Example 2: Data Validation

from pydantic import BaseModel, validator, EmailStr
from typing import Optional
from datetime import datetime

class UserRegistration(BaseModel):
    """User registration data model with validation"""
    email: EmailStr
    password: str
    first_name: str
    last_name: str
    age: Optional[int] = None
    
    @validator('password')
    def validate_password(cls, v):
        """
        Password must be:
        - At least 8 characters
        - Contain uppercase and lowercase
        - Contain at least one digit
        - Contain at least one special character
        """

Copilot generates comprehensive password validation.

Measuring Improvement

I tracked suggestion quality over 2 months:

Before Prompt Engineering

  • Acceptance rate: 35%
  • Modifications needed: 80%
  • Time saved: 15%

After Prompt Engineering

  • Acceptance rate: 65%
  • Modifications needed: 40%
  • Time saved: 40%

Result: 86% improvement in acceptance rate.

Common Mistakes

Mistake 1: Vague Comments

# Do something with data
def process(data):

Be specific about what “something” is.

Mistake 2: Inconsistent Naming

def getUserData(id):  # camelCase
def fetch_user_profile(user_id):  # snake_case

Inconsistency confuses Copilot. Stick to one convention.

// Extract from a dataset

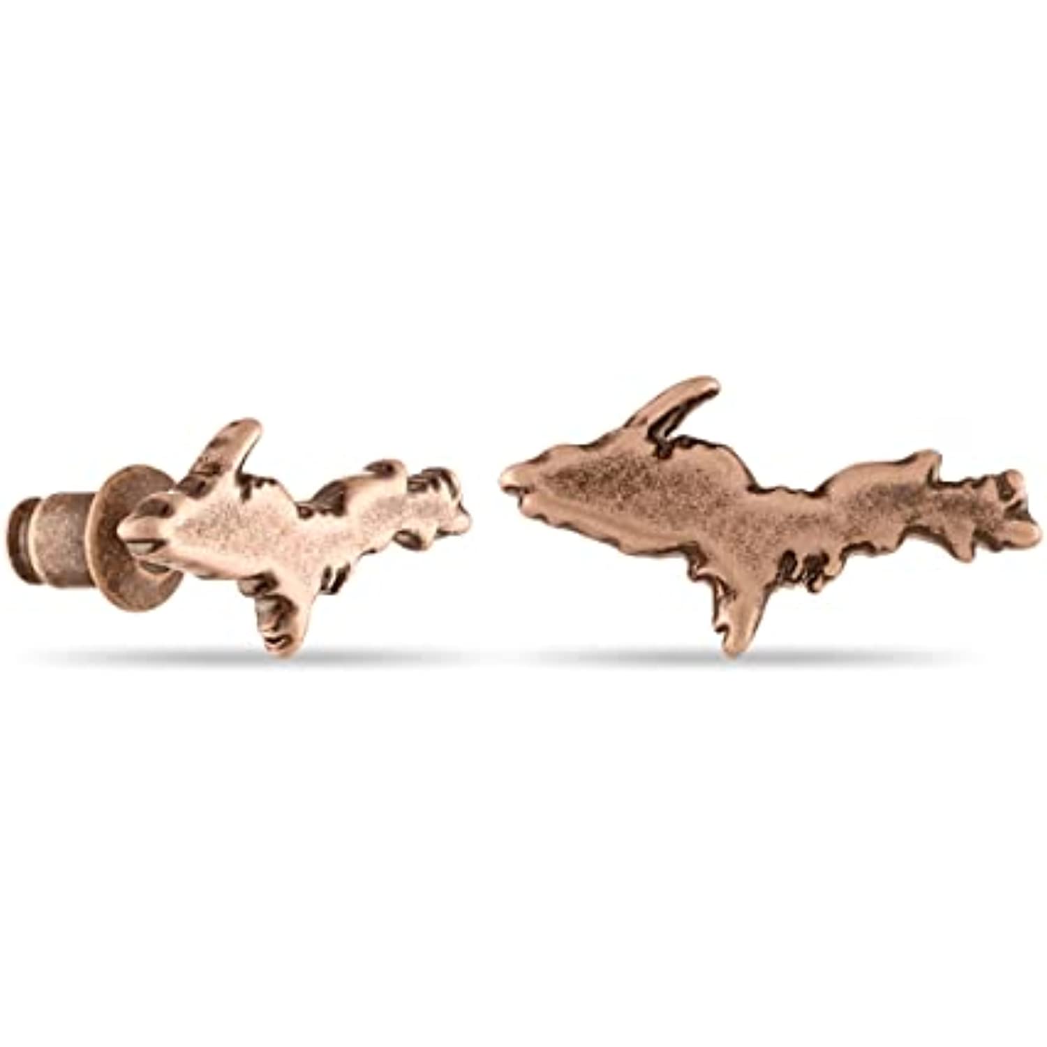 Stone Armory's antique copper plated Upper Peninsula stud earrings are here! Celebrate the Mitten State with our beautifully designed Upper Peninsula earrings. Wear them to your next Cherry Festival or around town to show off your UP pride. These antique copper earrings would also make the perfect gift for your favorite Yooper! Stone Armory's Michigan Upper Peninsula jewelry is lovingly designed and carefully crafted, making these UP stud earrings the perfect gift to celebrate Michigan graduations, birthdays, Mother's Day, first day of school, first day of summer, or for everyday wear. Thank you for supporting our small business!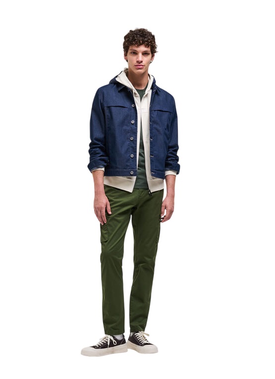 Questa giacca da uomo in denim è un vero e proprio must have per tutti i giorni. Il cappuccio in nylon staccabile aggiunge un tocco pratico e versatile, rendendola perfetta in ogni occasione. Il colletto a camicia classico e la chiusura centrale con bottoni in metallo completano il design, esaltando l'anima autentica e senza tempo del denim.

Mistake 3: Missing Context

# In a file with no imports or context
def encrypt(data):

Copilot doesn’t know what encryption method to use.

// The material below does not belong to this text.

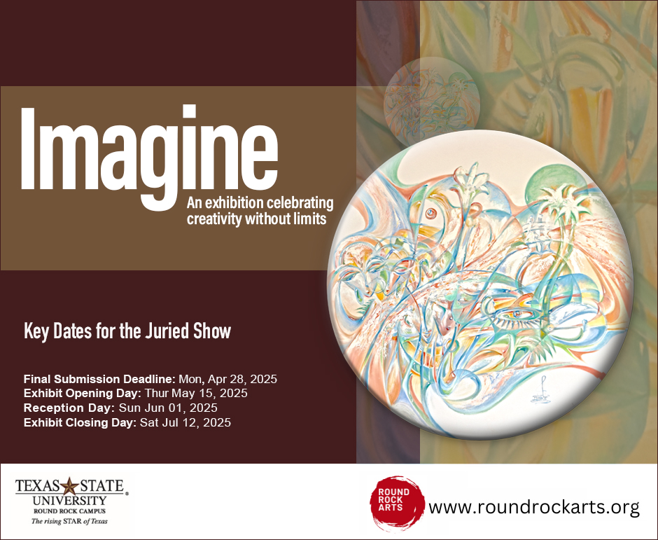 | Submission Fee: $30.00 for up to 3 pieces of art for jury selection. Location: the Avery Building on the Texas State University Round Rock Campus. Important Dates: Reception date Sunday Jun 01, 2025 from 2 pm – 4 pm Submissions Close on Monday Apr 28, 2025 at 11:00 pm Acceptance Notifications Emailed on Monday May 05, 2025 Drop Off Art on Monday May 12 from 2 pm – 4 pm Show Opens on Thursday May 15, 2025 Show Closes on Sat Jul 12, 2025 Pick Up Art on Sunday Jul 13, 2025 By submitting an entry to this exhibition, you are agreeing to arrange for your art to be dropped off and picked up in person at the dates and times above. |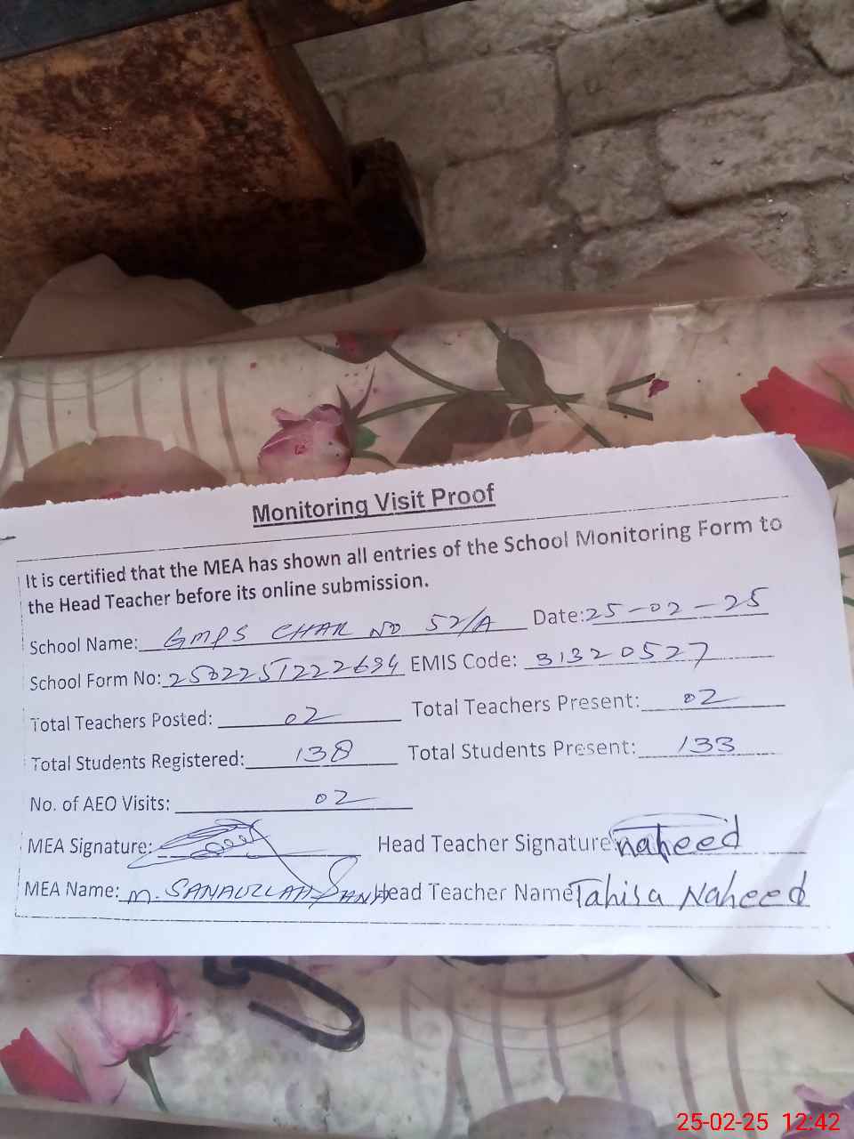 | EMIS Code: 31320527 | Name of School: GMPS CHAK NO.52/A | |||

Mistake 4: Overly Generic Names

def handler(event, context):

What kind of handler? What events?

Best Practices Summary

  1. Write detailed comments before functions
  2. Use descriptive names for functions and variables
  3. Include type hints (Python) or types (TypeScript)
  4. Show examples in comments
  5. Import relevant libraries first
  6. Write tests before implementation
  7. Structure files with clear context
  8. Be consistent with naming conventions
  9. Iterate incrementally for complex functions
  10. Review and refine Copilot suggestions

Conclusion

GitHub Copilot is a powerful tool, but it’s not magic. The quality of output depends on the quality of input.

Key Insight: Treat Copilot like a junior developer who needs clear instructions.

Time Investment:

  • Learning these techniques: 2-3 hours
  • Applying them: Becomes natural after 1 week
  • ROI: 2-3x improvement in Copilot effectiveness

Master prompt engineering, and Copilot becomes an invaluable coding partner.

My productivity gain: From 25% to 45% with better prompting.